═══ WORKING DATA
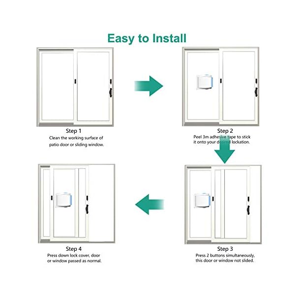 SIMPLE INSTALLATION – Installing sliding door lock has never been this easy, no drilling tools needed! Simply clean the working area for this lock, peel off 3M tape and stick this device onto the desired location of sliding doors for your patio, closet, cabinet as well sliding window!
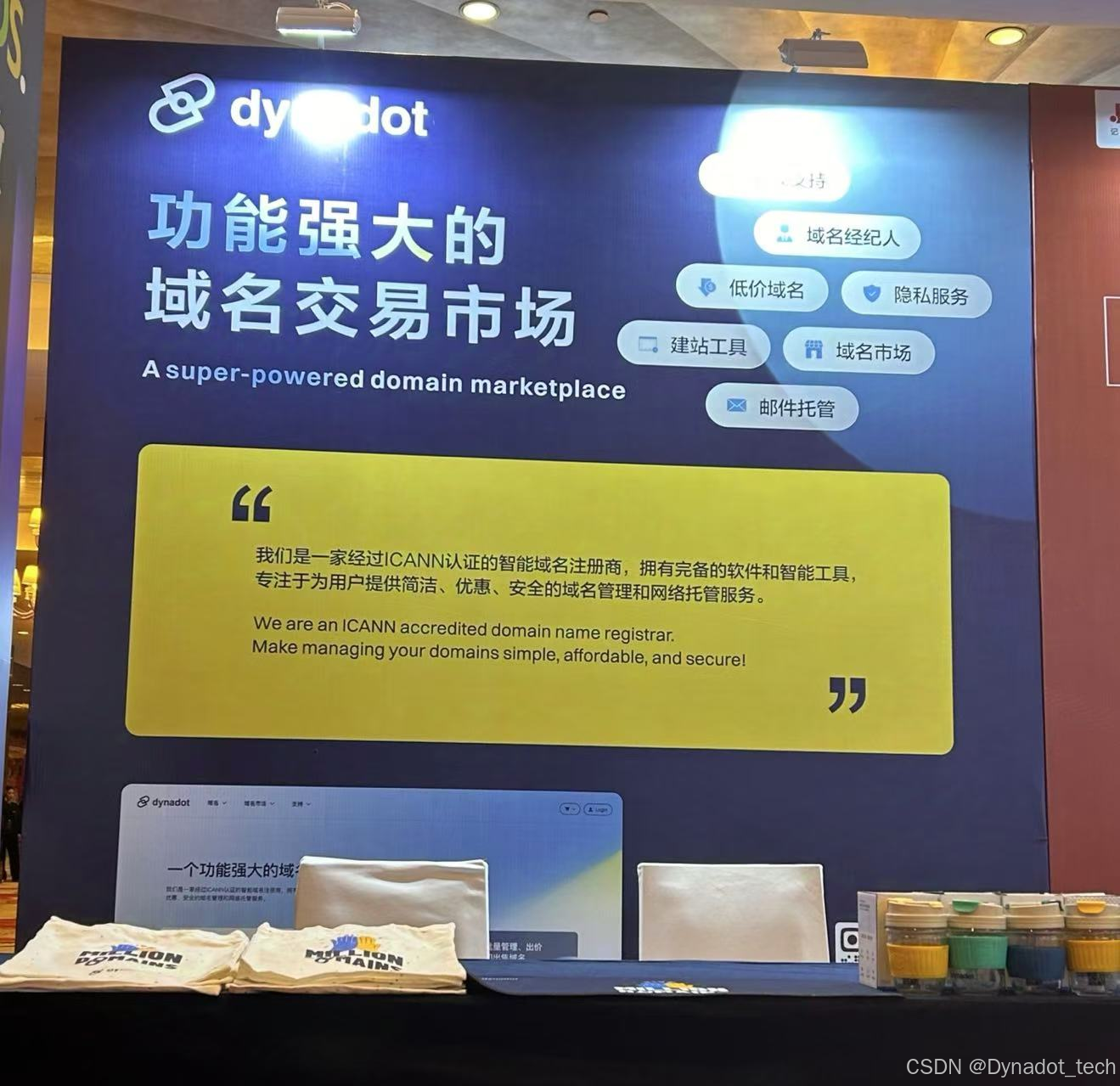 作为本次峰会的重要合作伙伴,Dynadot在会场设置了专属展台,并为新老客户准备了精美周边。展台吸引了众多与会者的驻足,大家对我们的产品和服务表现出浓厚的兴趣。Dynadot团队也在现场积极与与会者进行了深入的交流和互动。
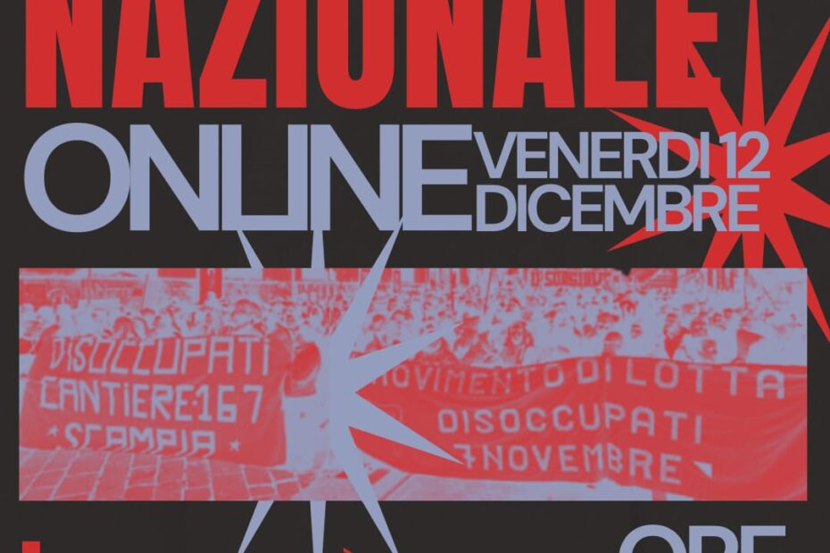Venerdí 12 Dicembre è fissata un’assemblea nazionale on line chiamata dai compagni e le compagne di Napoli a partire dalla lotta dei disoccupati organizzati.
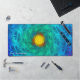 Image fractale multicolore (bleu, jaune, vert) ressemblant à des papillons ou des papillons de nuit se dispersant d'un point central. Ajoutez votre propre texte.
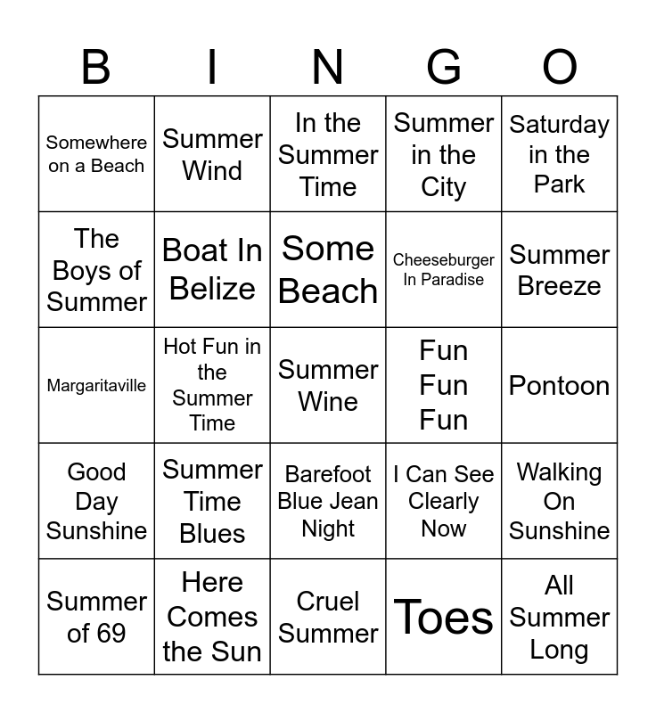 This bingo card has 25 words: Summer Time Blues, Cruel Summer, Some Beach, Summer of 69, Saturday in the Park, Somewhere on a Beach, The Boys of Summer, Summer Wind, Fun Fun Fun, Barefoot Blue Jean Night, Cheeseburger In Paradise, Margaritaville, I Can See Clearly Now, Walking On Sunshine, Boat In Belize, All Summer Long, Pontoon, In the Summer Time, Summer Breeze, Hot Fun in the Summer Time, Summer Wine, Here Comes the Sun, Good Day Sunshine, Summer in the City and Toes.
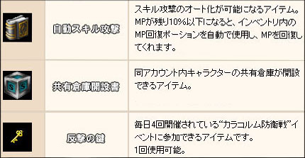 正式サービスでは,さまざまな便利アイテムをNPCから購入できる「プレミアムサービス」がスタートする。 プレミアムサービスを利用するには,シェアーズが運営する「share-city」で「SP」(Shares Point)を購入し,そのSPをゲーム内の「CASH」と交換しておく必要がある。 販売されるアイテムは,スキル攻撃の自動化とオートMPポーション機能が付いた「自動スキル攻撃」,1アカウントの複数キャラクターで共有可能な倉庫を開設できる「共有倉庫開設書」,特殊マップ「カラコルム防衛戦」参加用のアイテム「反撃の鍵」など。
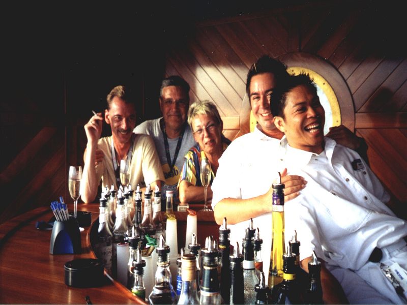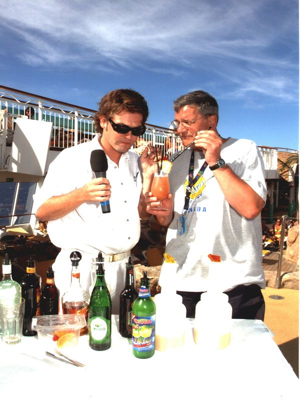 die Ani- Crew, kompetente Jury beim Cocktailwettbewerb, zweimal Ocean- Bar und mit Birdy Pelikan (CD)
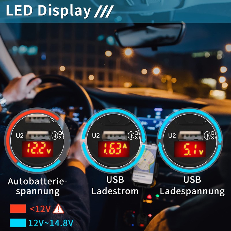 - Lädt Ihre USB-Geräte und warnt vor zu niedriger Autobatterie-Spannung: Das übersichtliche LED-Display zeigt Ihnen abwechselnd und aktuell die Spannung Ihrer Autobatterie, die Ladespannung und den Ladestrom der beiden USB Anschlüsse an. So erkennen Sie auch sofort, wenn die Bord-Spannung zu niedrig ist. Ersparen Sie sich also böse Überraschungen.
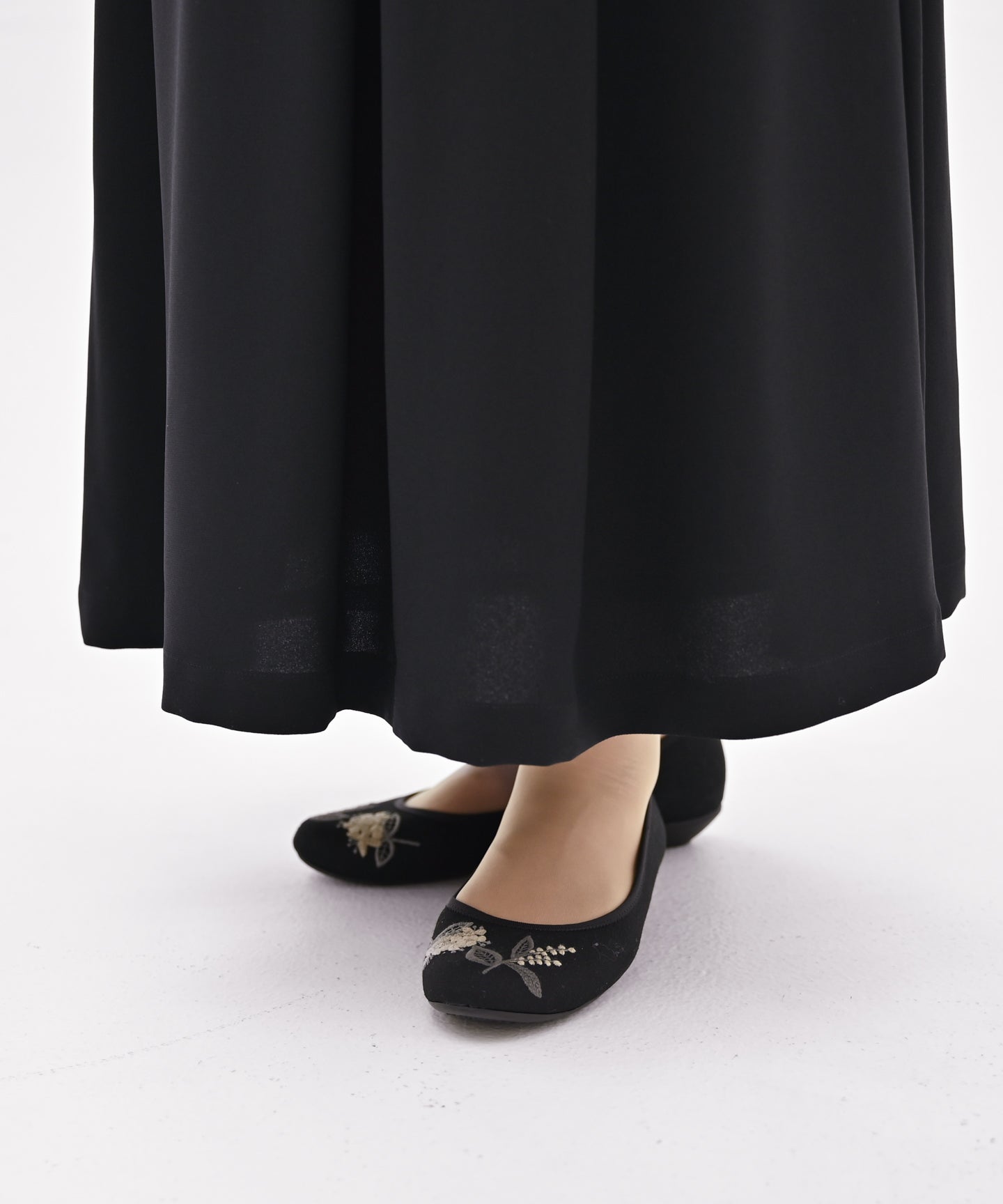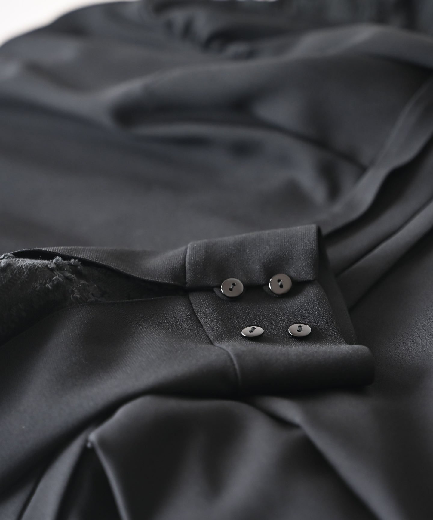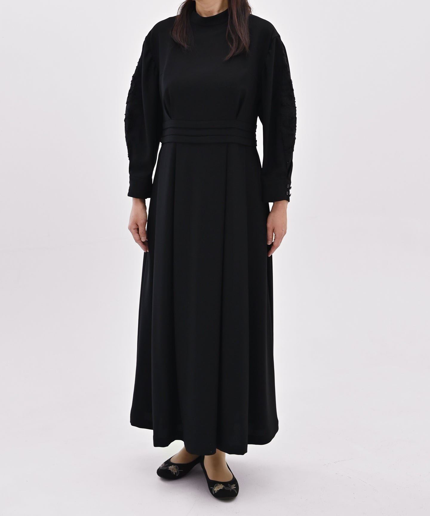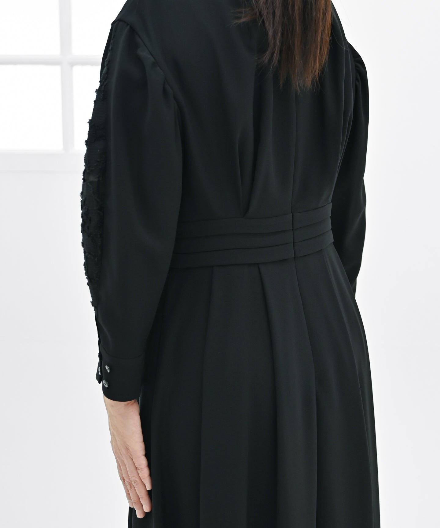 フォーマルシーン、オケージョンシーンのためのちょっと特別なワンピースドレスです。きちんとした食事会や冠婚葬祭などで着ていただける、クラシカルなデザインの一枚です。足のラインもカバーする丈感なので、様々な年齢や体型の方に着ていただけます。
══════
**TASK OBJECTIVE:**
Reproduce the lines from the one holding "- Lädt Ihre" through the end of the entries above exactly, keeping both ends and dropping every picture.

**WRITTEN ANSWER:**
 - Lädt Ihre USB-Geräte und warnt vor zu niedriger Autobatterie-Spannung: Das übersichtliche LED-Display zeigt Ihnen abwechselnd und aktuell die Spannung Ihrer Autobatterie, die Ladespannung und den Ladestrom der beiden USB Anschlüsse an. So erkennen Sie auch sofort, wenn die Bord-Spannung zu niedrig ist. Ersparen Sie sich also böse Überraschungen.
 フォーマルシーン、オケージョンシーンのためのちょっと特別なワンピースドレスです。きちんとした食事会や冠婚葬祭などで着ていただける、クラシカルなデザインの一枚です。足のラインもカバーする丈感なので、様々な年齢や体型の方に着ていただけます。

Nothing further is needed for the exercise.